== Segment start ==
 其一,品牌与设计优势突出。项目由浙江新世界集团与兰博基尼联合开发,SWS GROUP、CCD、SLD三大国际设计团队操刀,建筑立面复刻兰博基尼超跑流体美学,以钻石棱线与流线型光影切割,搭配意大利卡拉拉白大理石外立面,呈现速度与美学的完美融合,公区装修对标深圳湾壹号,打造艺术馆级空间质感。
== Segment end ==
== Segment start ==
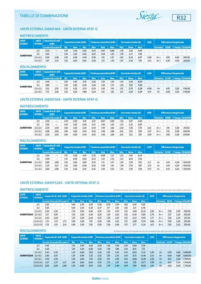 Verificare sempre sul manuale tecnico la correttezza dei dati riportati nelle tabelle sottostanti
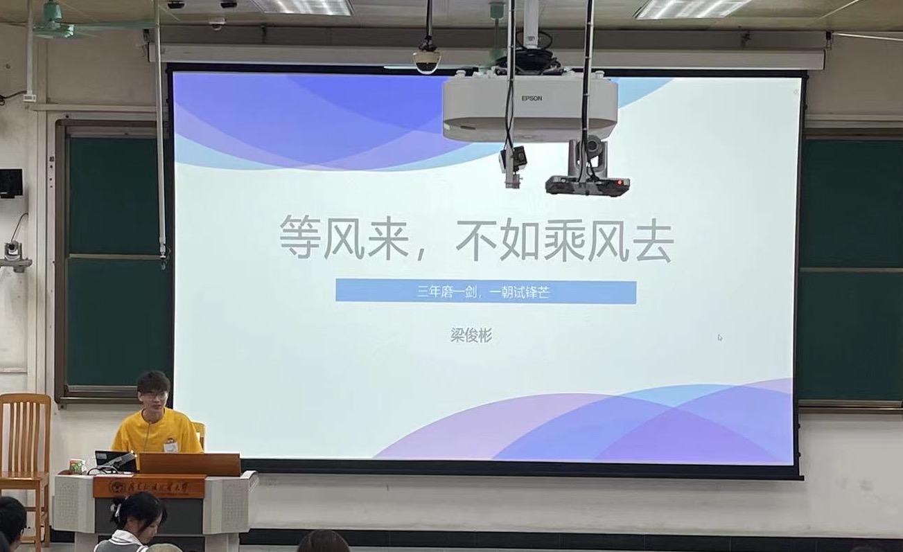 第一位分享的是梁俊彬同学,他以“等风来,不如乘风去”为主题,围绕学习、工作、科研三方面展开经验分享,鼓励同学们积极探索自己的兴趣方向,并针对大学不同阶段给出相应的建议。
== Segment end ==
Goal of the exercise — Reproduce the data above exactly, but only the lines from the one showing "Verificare sempre sul" through the one showing "第一位分享的是梁俊彬同学,他", with both ends kept and the pictures left out.

Completed task —
 Verificare sempre sul manuale tecnico la correttezza dei dati riportati nelle tabelle sottostanti
 第一位分享的是梁俊彬同学,他以“等风来,不如乘风去”为主题,围绕学习、工作、科研三方面展开经验分享,鼓励同学们积极探索自己的兴趣方向,并针对大学不同阶段给出相应的建议。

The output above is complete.